Steve Jobs’ legacy at Apple will extend far beyond the products released under his tenure

Mon, Aug 29, 2011

Analysis, News

It’s been awhile since we experienced Apple without Steve Jobs at the helm. Jobs last week tendered his resignation and helped usher in a new era with former COO Tim Cook set to take the reigns of the world’s most innovative and successful technology company.

While Steve Jobs will reportedly remain actively involved in Apple’s product strategy, and we certainly hope that he is around for a long time, the day will inevitably come when Jobs is no longer involved at all with decisions at Apple. When that day comes, and again, hopefully it won’t come for a long time, many folks are wondering how Apple will fare. Will the company be able to continue on its course of innovation, releasing trendsetting new products that help define technologies for a generation? It’s a tall order to fill, but given the way Jobs structured Apple we’re inclined to believe that Apple is in a position to thrive not only for the next 2-3 years, but for the next 10 years – regardless of whether or not Jobs, Tim Cook, or even Scott Forstall.

You see, Jobs at Apple didn’t just usher in innovative new products like the iMac, iPod, and iPhone, he helped create an environment where those products were conceived and brought to market. To that end, Jobs helped create an infrastructure that will arguably keep Apple on pace to continue churning out successful products for some time.

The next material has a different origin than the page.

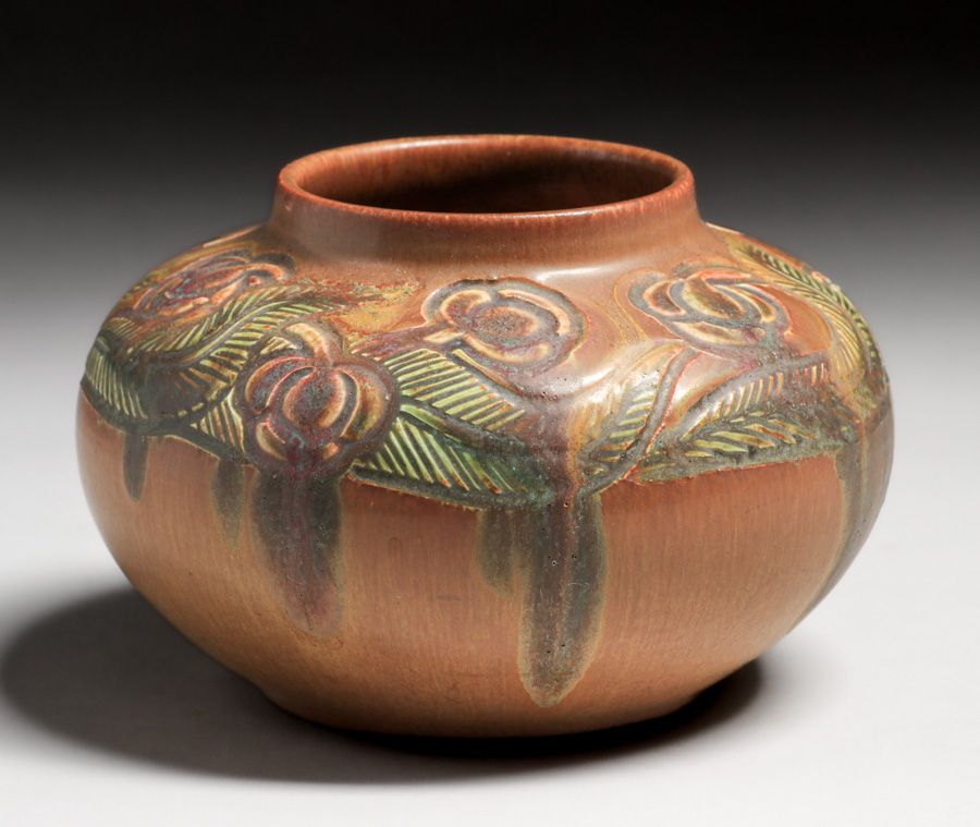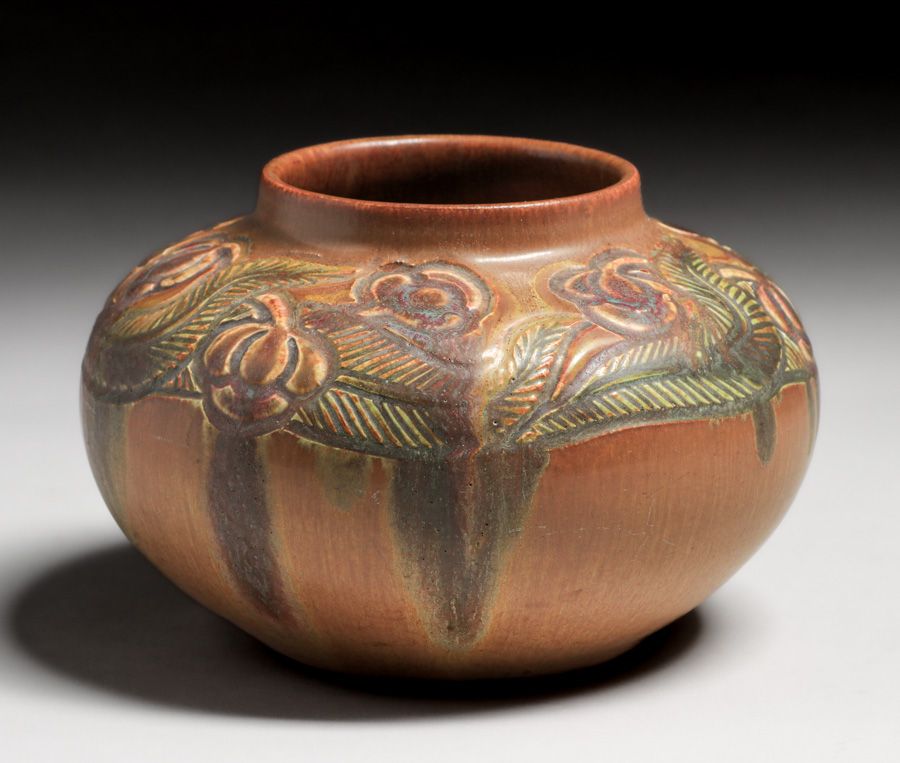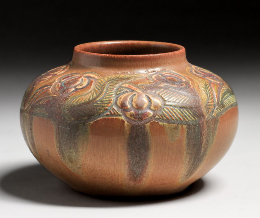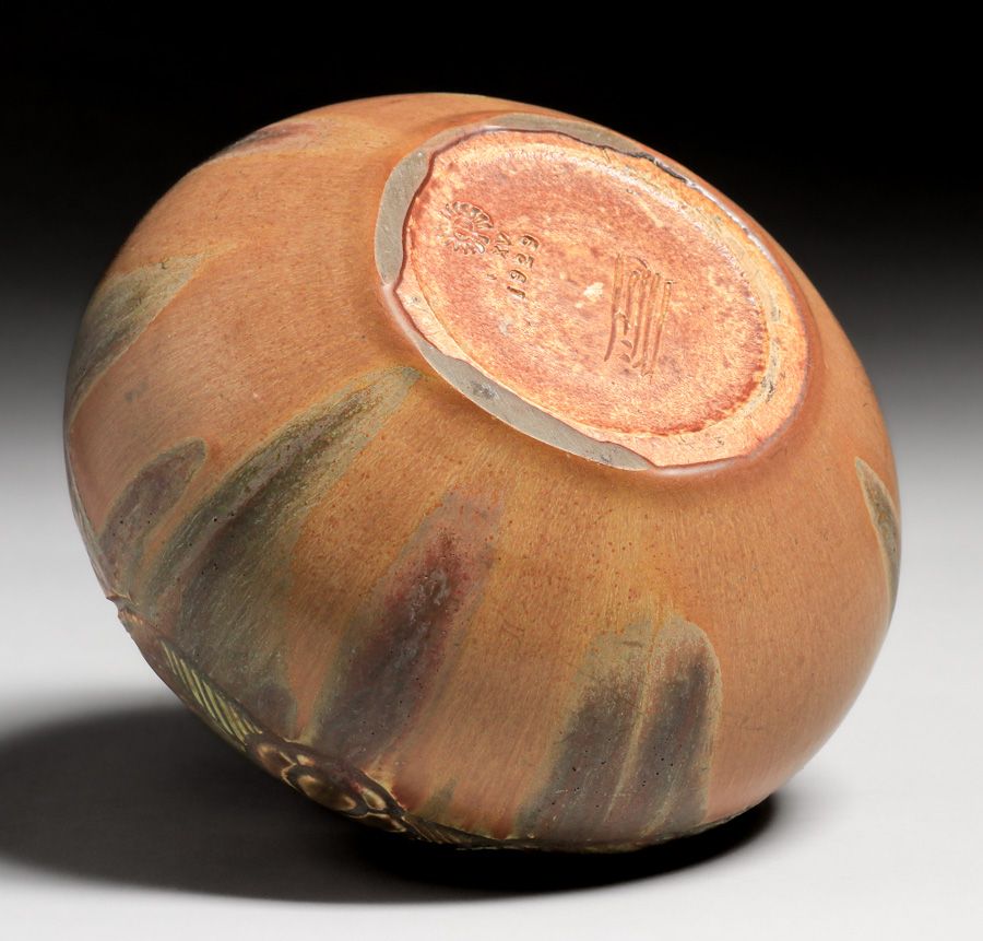 Rookwood William Hentschel Large Carved Squat Vase 1915. Signed. Perfect condition. 7"d x 4.75"h SOLD
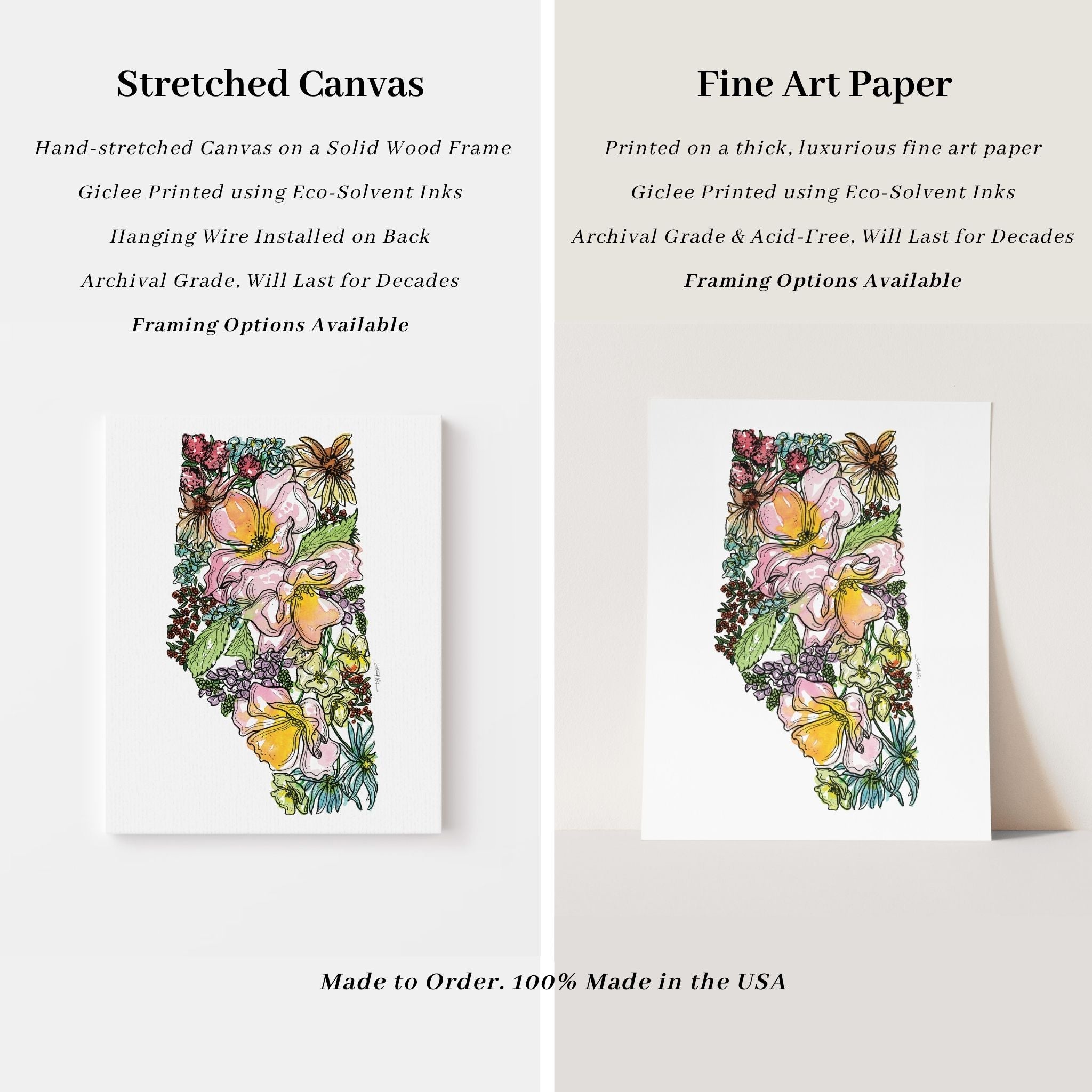 Original artwork created entirely by hand using watercolor and ink, by nationally recognized artist Amanda Klein. With over 9,000 five-star reviews, our artwork is trusted by collectors nationwide. All pieces are 100% made in the USA, printed to order, and giclée-printed using eco-solvent inks on archival-grade materials designed to last for decades. Orders ship within 2–5 business days.

Last week, John Gruber of Daring Fireball wrote:

Apple’s products are replete with Apple-like features and details, embedded in Apple-like apps, running on Apple-like devices, which come packaged in Apple-like boxes, are promoted in Apple-like ads, and sold in Apple-like stores. The company is a fractal design. Simplicity, elegance, beauty, cleverness, humility. Directness. Truth. Zoom out enough and you can see that the same things that define Apple’s products apply to Apple as a whole. The company itself is Apple-like. The same thought, care, and painstaking attention to detail that Steve Jobs brought to questions like “How should a computer work?”, “How should a phone work?”, “How should we buy music and apps in the digital age?” he also brought to the most important question: “How should a company that creates such things function?”

Jobs’s greatest creation isn’t any Apple product. It is Apple itself.

And so it goes.

Jobs has filled the ranks of Apple with people who buy into Jobs’ notion of what a company like Apple should be about. It’s not about the bottom line, it’s about creating products that can literally change the world. And sure, money matters, you’d have to be a fool to believe otherwise, but Apple’s brass firmly believe that if you focus on innovative products that customers love, the bottom line will take care of itself.

Looking forward a decade or two, it’s likely that Jobs’ legacy at Apple won’t solely be relegated to the products Apple released under his leadership, but will encompass a company that was able to remain on the vanguard of technology and the way people interact with consumer electronics even after he stepped down as CEO.